You start to notice patterns:

  • “When I lead with social proof, my close rate goes from 30% to 45%.”
  • “When I talk to decision-makers instead of gatekeepers, my odds double.”
  • “When I follow up within 24 hours, I’m 20% more likely to close than if I wait three days.”

You’re building a mental model of what actually moves the needle.

And here’s the psychological shift: You stop taking individual losses personally.

You’re playing a probabilistic game, and you’re getting better at the odds with each iteration.

And, by the way:

A sales call can be GREAT, even with a bad outcome.

Again, judge the process being used, not the outcome.

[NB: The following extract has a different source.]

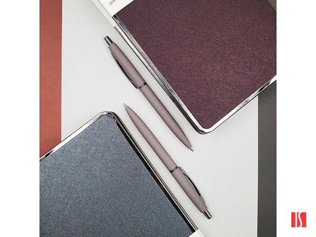 В ручке нет ничего лишнего, но она привлекает к себе внимание: изящна благодаря плавным линиям, эргономичному корпусу и приятна на ощупь, благодаря покрытию soft-touch. Контраст добавляют кольцо и клип из серебристого металла. Отличный бизнес-сувенир!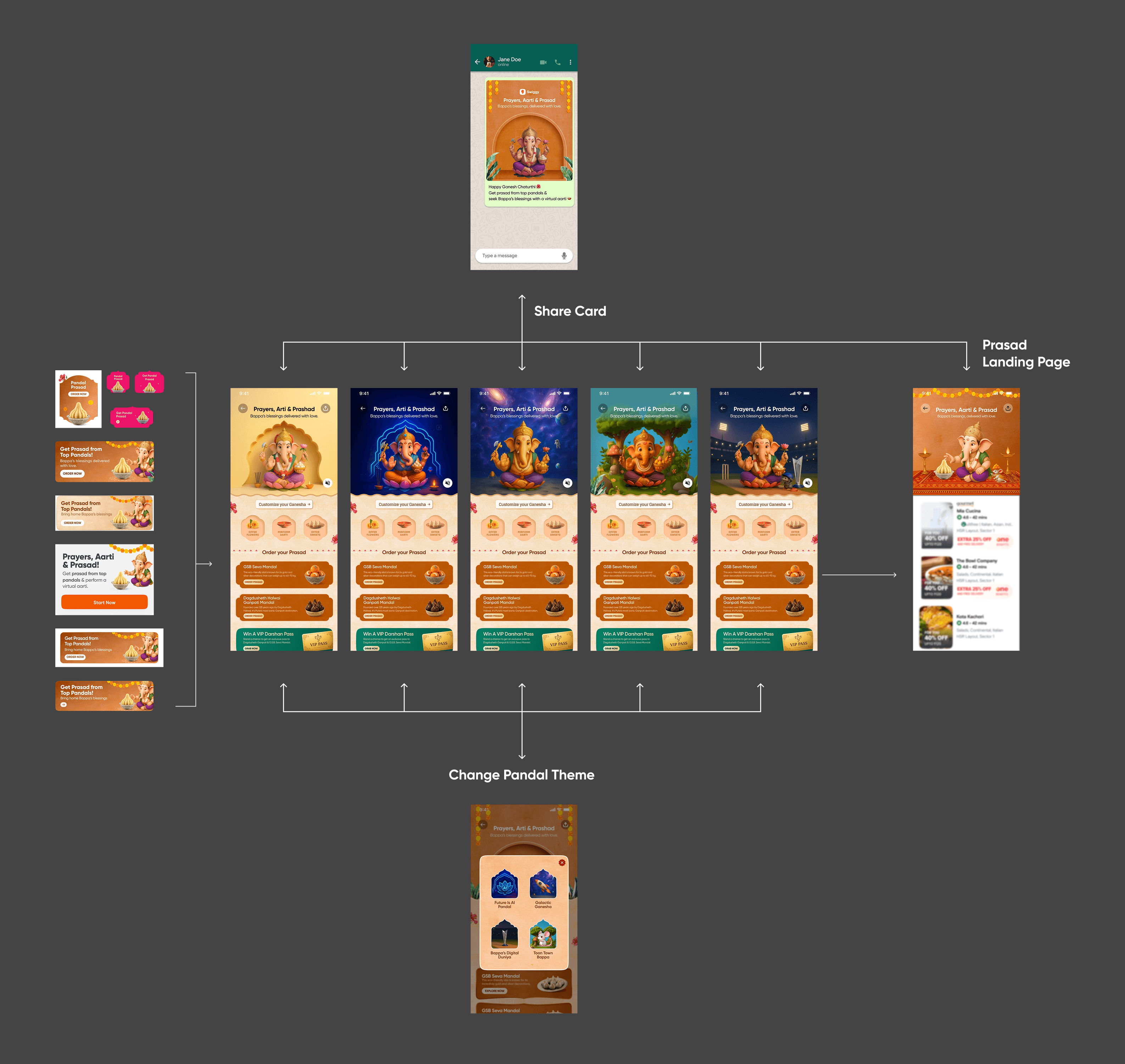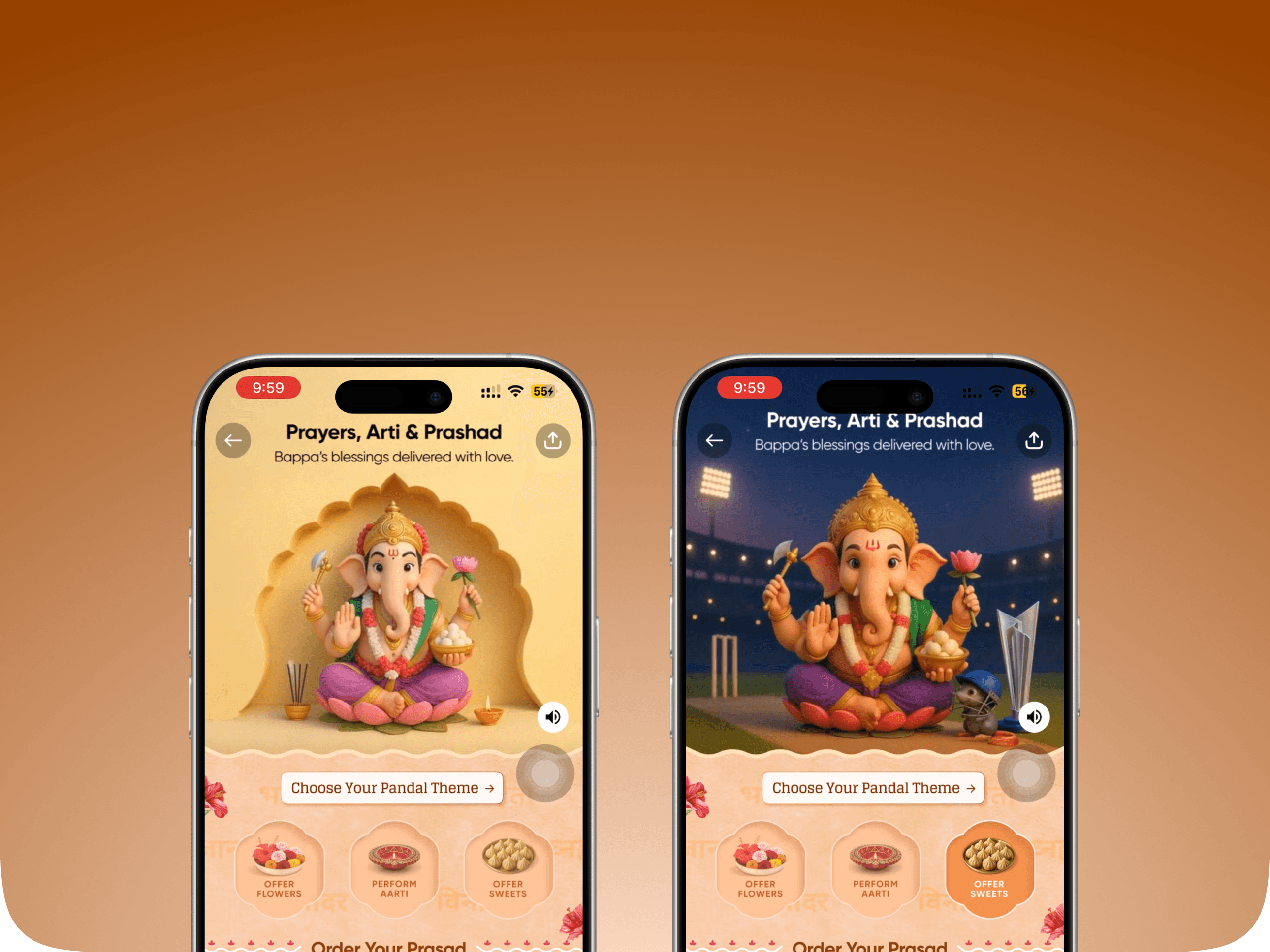 Ganesh Chaturthi is a ritual-driven festival with high emotional significance. The challenge was to translate this moment into a mobile experience that felt meaningful, while remaining lightweight, optional, and non-disruptive within a high-velocity consumer app.

Actually, the best way to assess the quality of salespeople is by seeing their best unsuccessful cases, which also avoids survivorship bias.

Q: That reframe is powerful. But why is “expected value” more important than being right?

Annie: Because life isn’t about maximizing how often you’re right.

It’s about maximizing the value of your outcomes over time.

Let me give you a concrete example that makes this crystal clear:

Option A: 90% chance of making $1,000
Option B: 10% chance of making $100,000

Most people instinctively pick Option A because they want to “be right” and 90% feels safe.

But let’s do the math:

  • Option A expected value: 0.9 × $1,000 = $900
  • Option B expected value: 0.1 × $100,000 = $10,000

Option B is worth more than 10x as much, even though you’ll “lose” 90% of the time.

This is how the best investors think. How the best entrepreneurs think.

They’re not trying to win every bet. They’re trying to make bets where the expected value is massively in their favor, even if most individual attempts fail.

Venture capitalists know nine out of ten investments will fail. But the one that hits can return 100x.

That’s not lucky. That’s expected value thinking.